「そのお金は誰のお金?」

おはようございます。
公響サービス、代表のシンジです。第1,128回です。

 先日「分水嶺」にて、借金について触れたが、今回は個人の借金と企業や国の借金についてもっと詳しく話をしようと思う。

 家計における借金は、必ず返済しなければならないものであり、基本的に金利も高く、一度借りたが最後、ブラックリストに乗ってしまうため、サラ金(今では銀行がサラ金なのですが、その意識がない人が多い)には借りた実績と返済実績リストが筒抜けになる。その時点で甘い誘いが増えて、結局節約が出来なくなるのだ。
 多くの人が勘違いしているが、リボ払いも同様だ。これは利息を払っているだけで、いつまで経っても支払いが終わらない。銀行が儲かるシステムだ。
 クレジットカードも一括以外の使用方法をしたら、まずアウトと思った方が良い。すでに行っている人は、早めに清算して、クレジットカードは解約して、作成し直すことをお勧めする。個人としては、住宅ローン以外は一括で買えないものは買ってはならない。車もローンはNGだ。ローン会社がメチャクチャに儲かっているだけで、極めて割高な買い物をさせられていることを知りましょう。

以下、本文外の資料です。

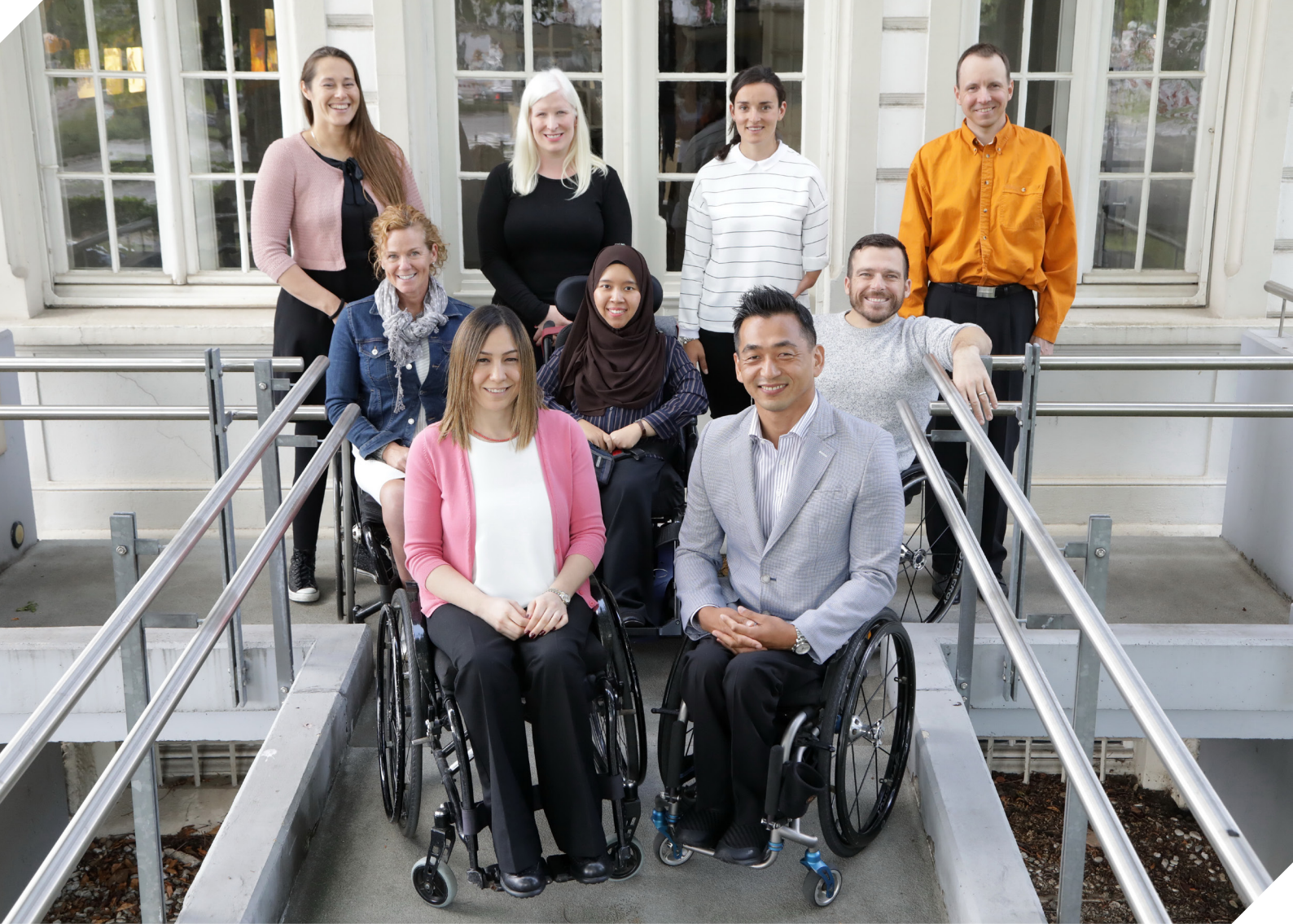
IPC Athletes' Council meeting, June 2018, Bonn

 では、国や企業はどうなのか?借金を返済するという意味では個人と変わらない。そして、「その借金はだれのもの?」という視点に立つと、国債を購入している金融機関や個人投資家のものという認識になる。個人的には、その視点がまず間違いの始まりだと思っている。
 「分水嶺」で書いたように、国や企業はお金を借り続けることが可能だ。つまり、次の借金で以前の借金を清算し、常に借金がある状態だけれど、借金が増えているのではなく、未来にスライドさせているだけ、ということだ。これが為、国も企業もデフォルト(倒産)することが頻繁にはないのだ。
 ではこれを個人に置き換えてみよう。サラ金Aから借りた100万円を返済するためにサラ金Bから100万円借りて返すことは、多重債務となり結局返済しきれなくなるのは、誰の目にも明らかだ。こんなことは続かないのだ。
 実態を知らない人は簡易裁判所の傍聴へ行ってみればすぐに分かります。簡易裁判の7割はサラ金に訴えられた善良なる市民です。初めて裁判所に出頭し、借金が返せないことでおろおろしている小市民を、銀行というサラ金が司法の力を使って脅している姿を目の当たりに出来ますよ。

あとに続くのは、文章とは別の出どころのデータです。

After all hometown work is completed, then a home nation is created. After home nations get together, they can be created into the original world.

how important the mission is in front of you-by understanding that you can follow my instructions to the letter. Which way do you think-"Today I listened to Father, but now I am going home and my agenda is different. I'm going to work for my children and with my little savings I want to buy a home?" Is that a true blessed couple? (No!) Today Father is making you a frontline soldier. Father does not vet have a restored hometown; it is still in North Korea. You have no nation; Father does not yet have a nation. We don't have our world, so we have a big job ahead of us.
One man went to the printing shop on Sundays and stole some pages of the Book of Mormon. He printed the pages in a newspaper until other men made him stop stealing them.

 閑話休題。では、国はいくらでも借金を増やせるのか?というと、理論的には可能だ。しかし、信用創造の原理からして、借金が増えるということは、世の中を流れるお金が増えるということだ。つまり、マネタリーベースの拡大につながる。血管の太さは決まっているのに、血液の量が増え続ければ、いずれ決壊することは当然だろう。しかも、未来にスライドさせたとしても、未来では人口が減ることが予測されている。では、その借金を未来にスライドさせ続けても大丈夫なのか?
 当然、私はMMT(現代貨幣理論)の信者ではない。日本のようにほとんどの国の債務が、日本国内にある。つまりは国民の手のうちだと、国の借金がどれだけ増えても良い。的な乱暴な言い方はしない。
 借金を返済しなければならないのは、まったく同じだ。単なる未来への先送りでしかないことも認める。だが、国や企業には寿命がないのだ。個人とは違い、未来への先送りが可能なのである。そこが、個人との大きな違いである。
 しかし、お金の使い方は節度を保って良い借金をしなければならない。未来に借金を残すのではなく、同じ様に水道・電気・ガス・道路・橋・ネットケーブルなどのインフラを整備し、国民の資産として残すのだ。それなら、その借金は「生き金」になるではないか!

 お金とは、使われて初めてその価値が発生する。個人で大切に保管していても、全く価値を生じさせない。1万円札の原価はたったの24円のカラー印刷をした紙でしかない。物質的な価値はほぼ無いと言ってよい。そこに価値を見出すのは、使用されて初めて発生するのだ。お金は貯めこんでおくと「死に金」になってしまうことを忘れてはならない。
 だから、お金は常に流し続けるものであり、個人や企業や国の所有物ではないのだ。お金は生き物だということを忘れてはならない。
 ですから、借金であろうと、今あなたが持っているお金であろうと、お金に関して「そのお金は誰のお金?」という所有権で物事を考えるから、物事の本質を見誤るのです。
 お金は、個人や法人や国のものではありません。経済を回すための潤滑油であり、世界経済の血液なのです。その血液を特定の所有権で考えている限り、経済の実態は見えないかと思っております。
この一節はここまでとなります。